Während Sammlung und Entsorgung kommunaler Abfälle per Gesetz Aufgabe der Kommunen und Provinzen ist, kümmern sich um Spezialabfälle traditionell private Unternehmen. Das Management des Siedlungsabfalls basiert auf den Plänen der 20 Regionen. Für das integrierte Abfallmanagement sind seit 2006 die 110 Provinzen verantwortlich. Die über 8.000 Gemeinden müssen weiterhin die Sammlung der Haushaltsabfälle garantieren. Ansprechpartner für interessierte Unternehmen sind damit nicht die Gemeinden, sondern die Provinzen. In der Praxis funktioniert dieses System insbesondere in Mittel- und Süditalien nur eingeschränkt oder gar nicht. Die kommunalen Entsorger in Italien sind häufig aus gemischten Kommunalbetrieben zur Wasser- und Stromversorgung und zur Müllentsorgung entstanden. Sie entwickeln sich zu vertikal integrierten Großunternehmen und decken vermehrt die gesamte Wertschöpfungskette ab. Beispiele sind A2A (Brescia/Milano, www.a2a.eu [1]), HERA (Bologna/Ferrara/Modena, www.gruppohera.it [2]) oder Acegas-APS (Triest/Padua, www.acegasapsamga.it [3]). Der Konzentrationsprozess dürfte weiter anhalten und sich auf die ländlichen Gebiete in Mittel- und Süditalien ausdehnen.

Unternehmenskonsortien dominieren Privatsektor

Die private Entsorgungswirtschaft erreichte gemäß Eurostat 2014 einen Umsatz von 23 Milliarden Euro. Es werden circa 6.200 Unternehmen der Recyclingbranche zugeschrieben. Wie in anderen Branchen ist die durchschnittliche Unternehmensgröße auch in der Abfallwirtschaft deutlich kleiner als zum Beispiel in Deutschland. In den letzten Jahren ist die Anzahl der Firmen leicht gestiegen, während die Mitarbeiterzahlen stagnieren. Anhand der stark zugenommenen Quantitäten, die die Branche verarbeitet, deuten diese Zahlen auf eine stärkere Integration der Branche hin.

Monopolistische Unternehmenskonsortien spielen bei Sammlung und Recycling, etwa von Verpackungen, eine bedeutende Rolle. Sie übernehmen auch die Wiederverwertung von Papier, Glas und Kunststoff und haben exklusive Rahmenabkommen mit dem italienischen Umweltministerium.
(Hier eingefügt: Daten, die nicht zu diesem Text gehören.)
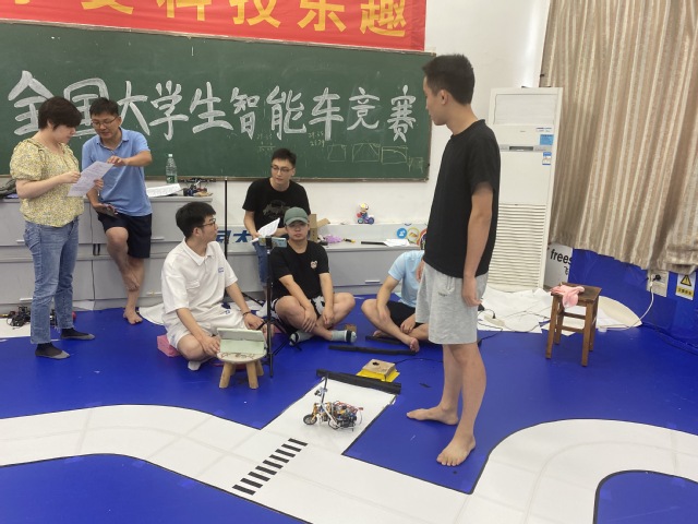 留校參賽學(xué)生們沒(méi)有因炎熱暑期而停下腳步,而是如火如荼進(jìn)行備戰(zhàn),同時(shí)指導(dǎo)教師們每天陪伴學(xué)生們,悉心指導(dǎo)、精心安排,帶著同學(xué)們發(fā)現(xiàn)問(wèn)題、解決問(wèn)題,享受科技創(chuàng)新的樂(lè)趣。學(xué)院黨政領(lǐng)導(dǎo)關(guān)心、支持留校參賽師生,經(jīng)常進(jìn)實(shí)驗(yàn)室走訪、看望師生、了解進(jìn)程、關(guān)心師生生活等。為了第一時(shí)間解決師生問(wèn)題,每天安排至少一名黨政領(lǐng)導(dǎo)值班。師生們表示盡心盡責(zé)、全力以赴精心準(zhǔn)備,為院爭(zhēng)光、為校爭(zhēng)光。
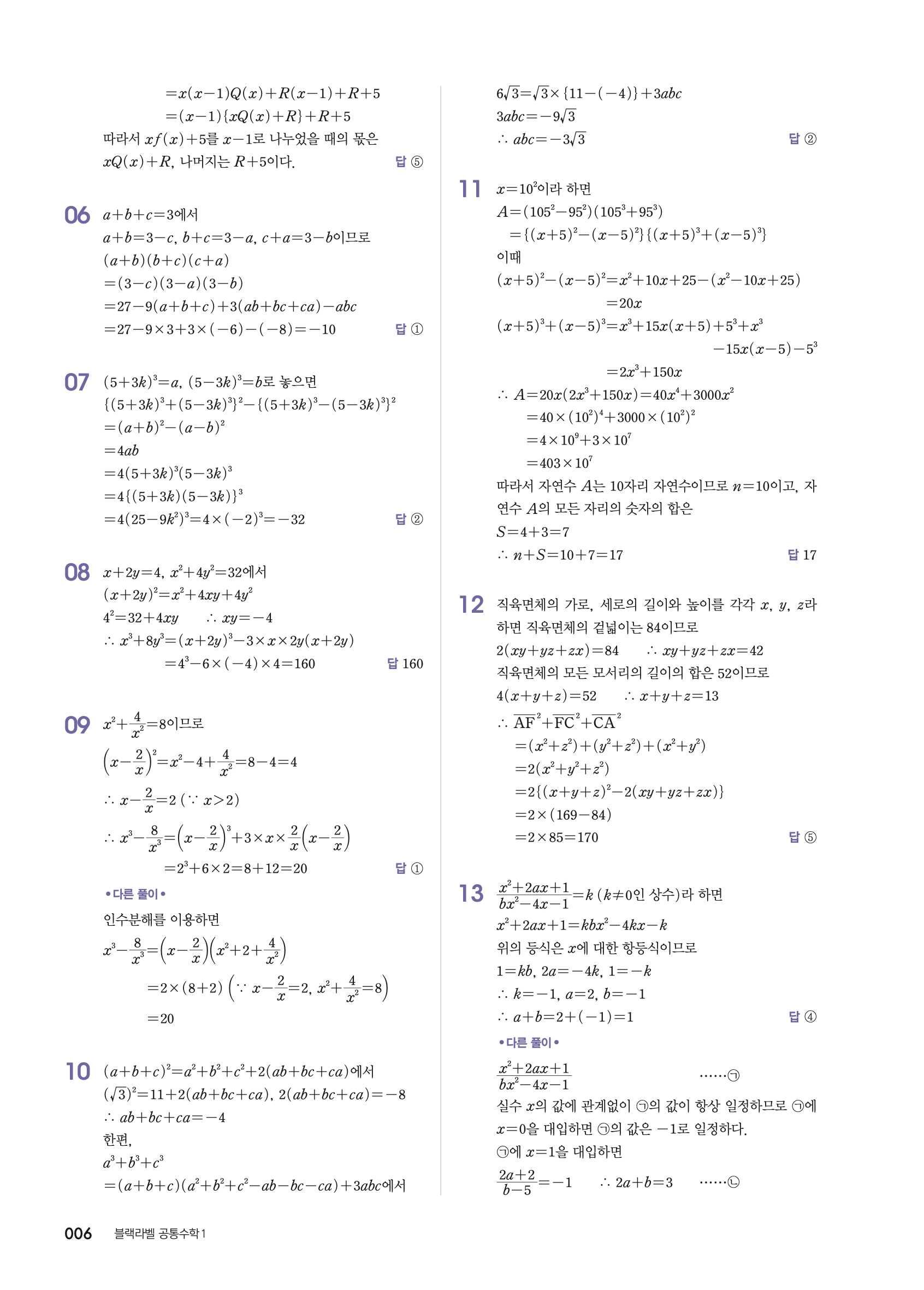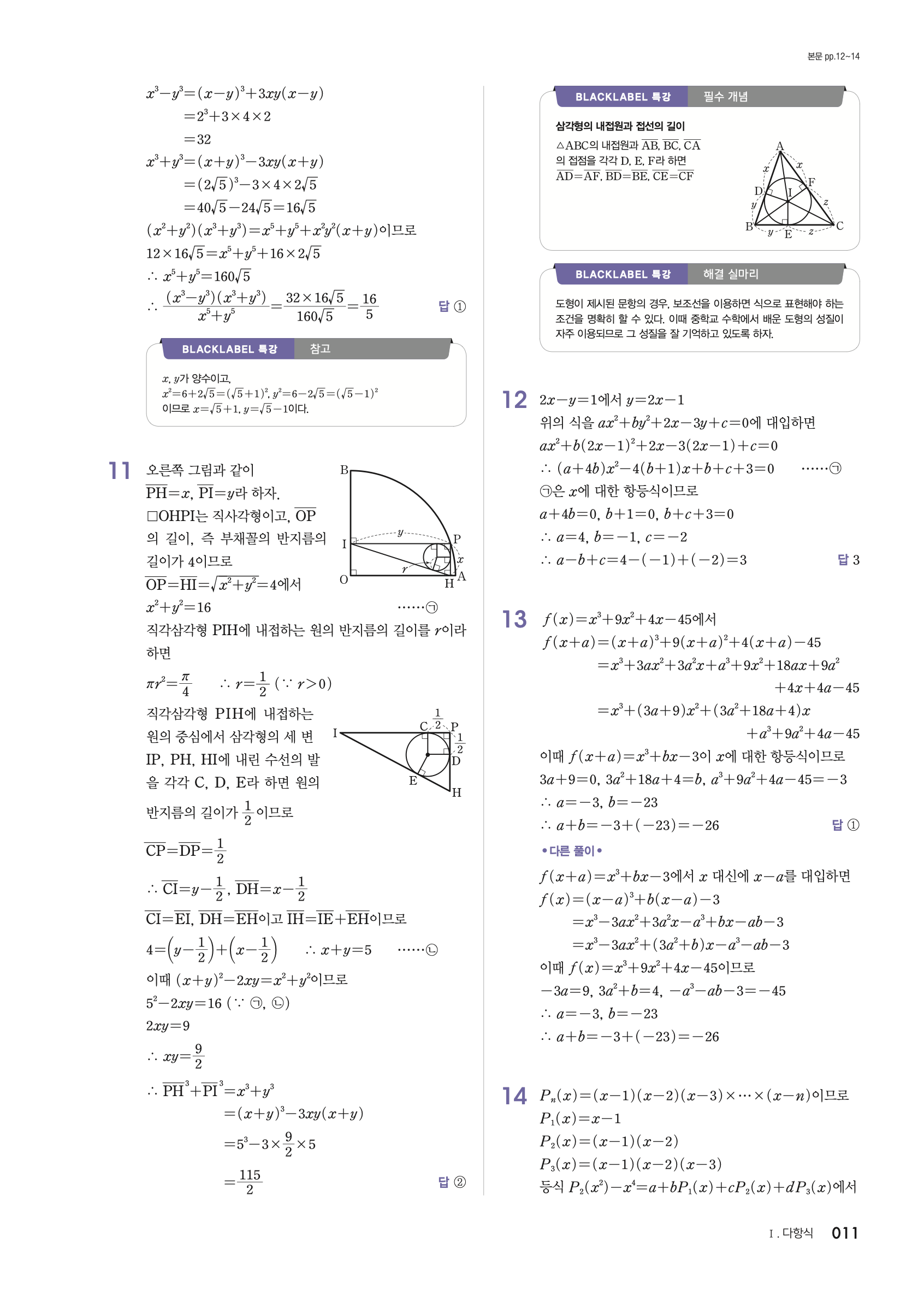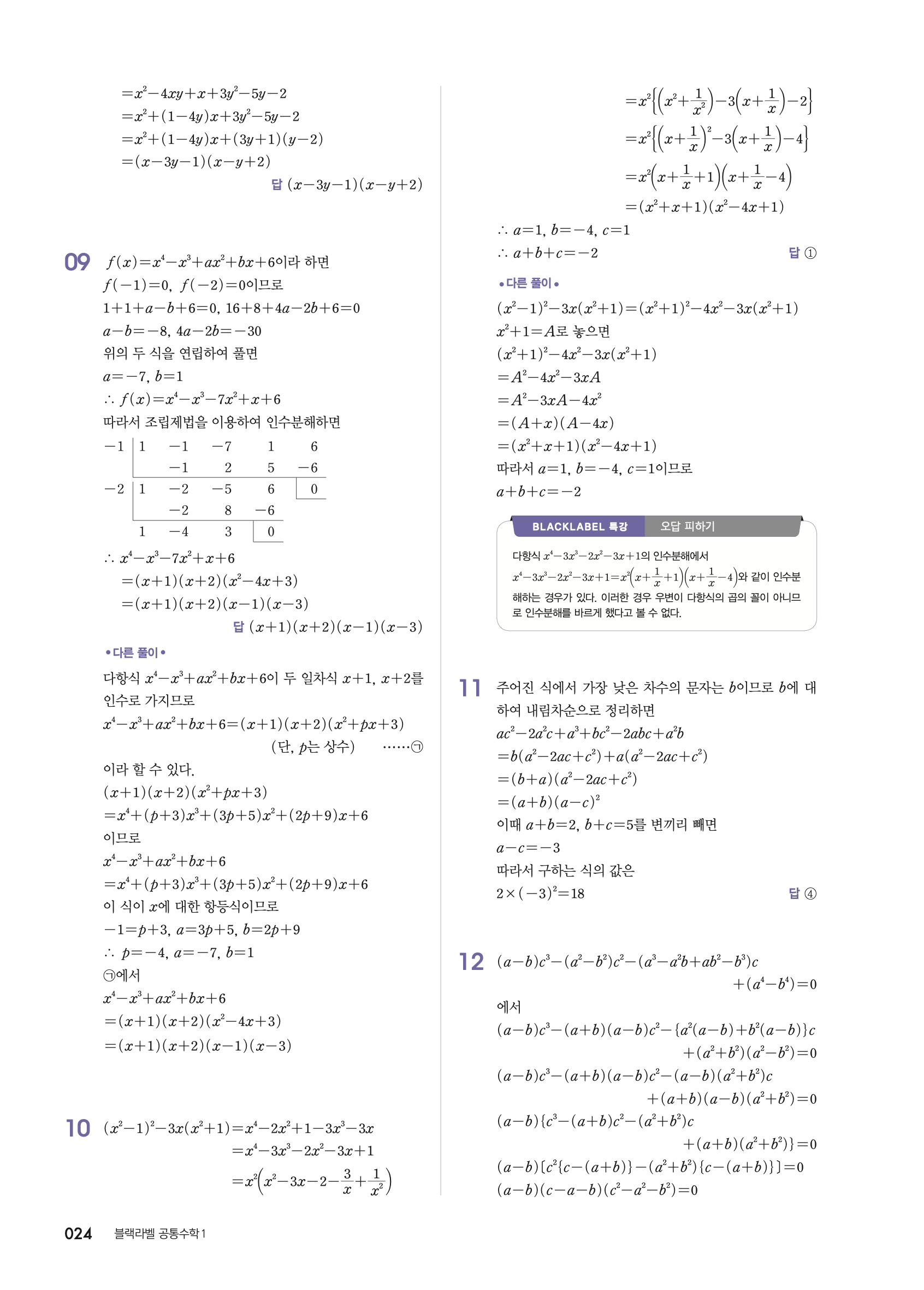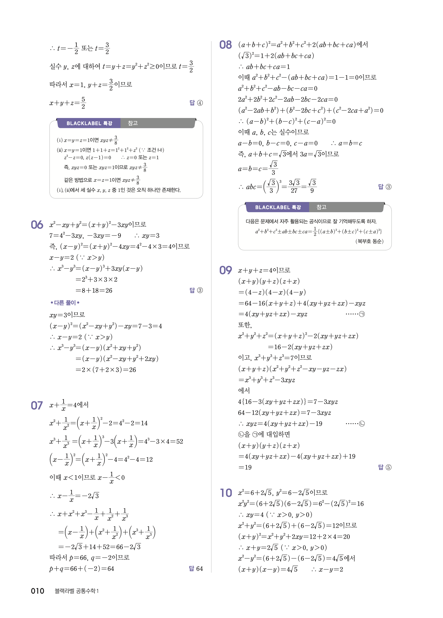 📌 블랙라벨 공통수학1 정답 및 답지 PDF 다운로드

Neue Akteure, beispielsweise für das Kunststoffrecycling, versuchen gegenwärtig auf dem Markt Fuß zu fassen. Für die Verwertung von Elektrogeräten ist der Wettbewerb größer, da hier mehr als 16 Konsortien tätig sind. Viele Spezialfirmen fungieren als direkte Abnehmer und Verwerter von Industrieabfällen, als Unterauftragnehmer von kommunalen Betrieben in Recycling oder Kompostierung, als Deponiebetreiber und als Ex-/Importeure von Abfall. Ein Unternehmensverzeichnis ist bei Legambiente (www.legambiente.it [4]) zu finden.
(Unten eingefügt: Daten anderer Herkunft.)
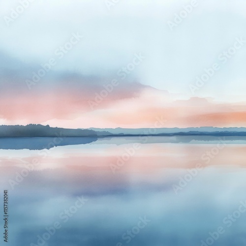 © Nurul, Obraz premium Serene lakeside sunset reflection.
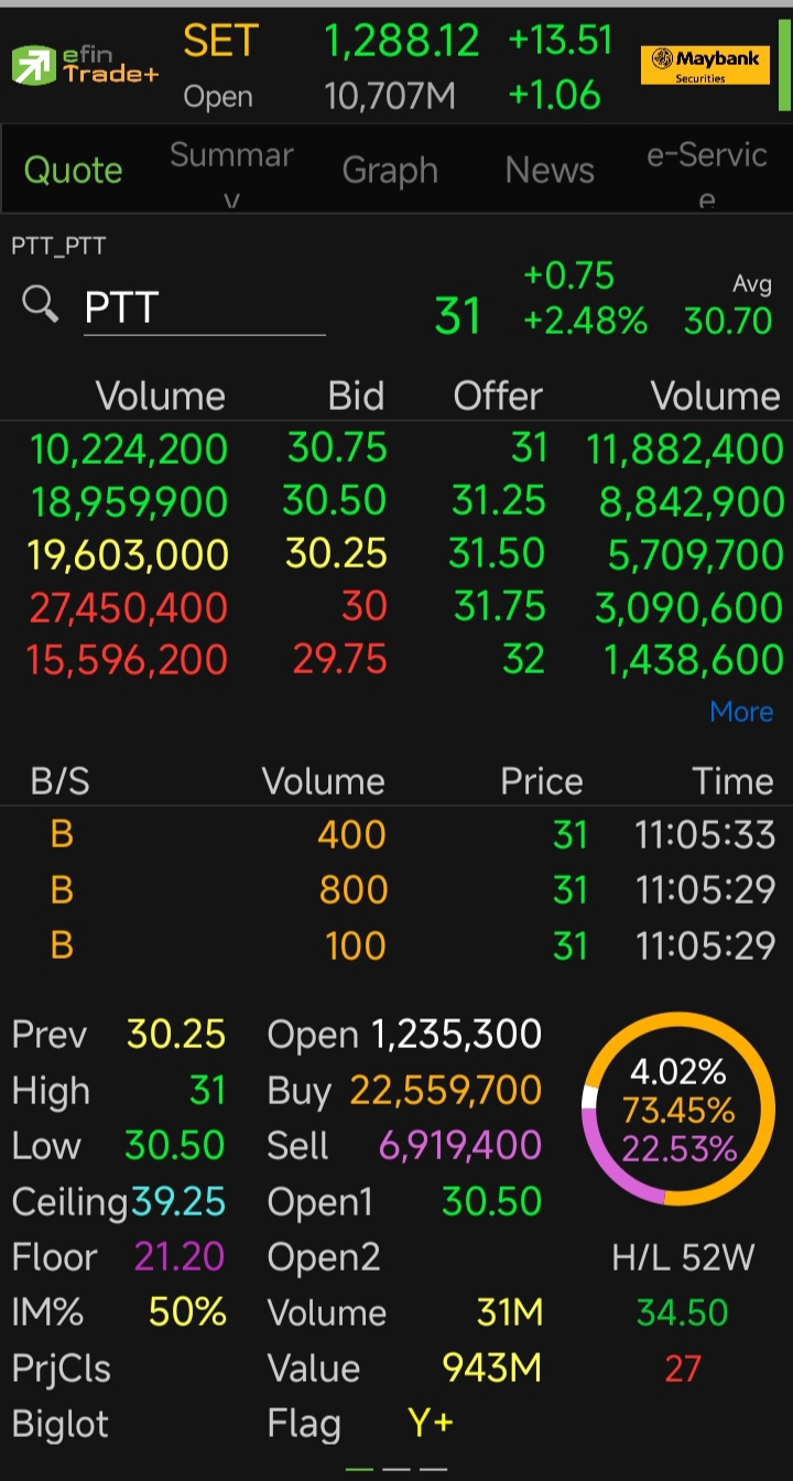PTT เช้านี้มีแรงซื้อเยอะมากเลย
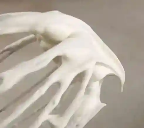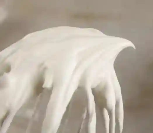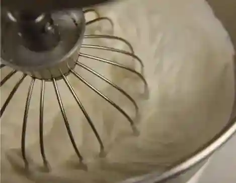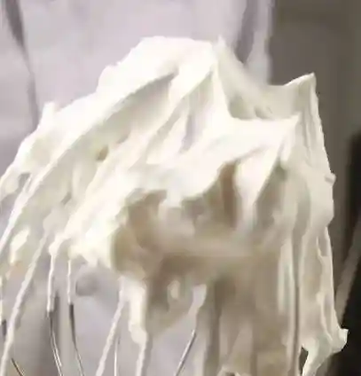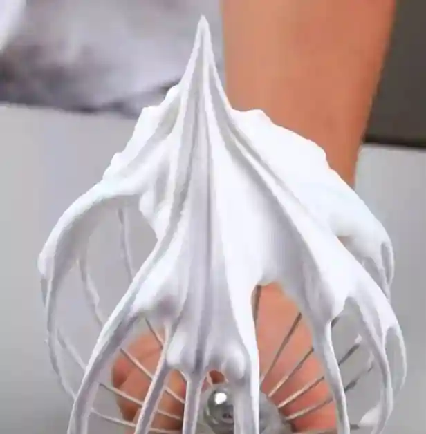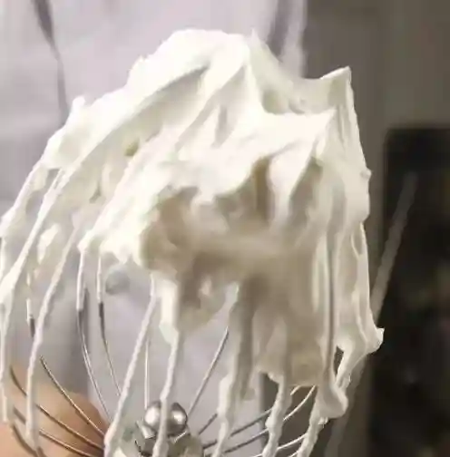 湿性发泡:打发过软,奶油的鸡尾弯曲大,如果将之倒放奶油有些流动。

Schwächen und Leistungsfähigkeit

Schwächen und Leistungsfähigkeit der italienischen Entsorgungswirtschaft werden an der Struktur der Ein- und Ausfuhren von Abfällen deutlich. Während es sich bei den Importen hauptsächlich um recyclingfähigen Abfall handelt, den italienische Spezialunternehmen zur besseren Auslastung ihrer Kapazitäten ordern, sind die Exporte in der Regel Abfälle, die nur noch verbrannt oder endgelagert werden können.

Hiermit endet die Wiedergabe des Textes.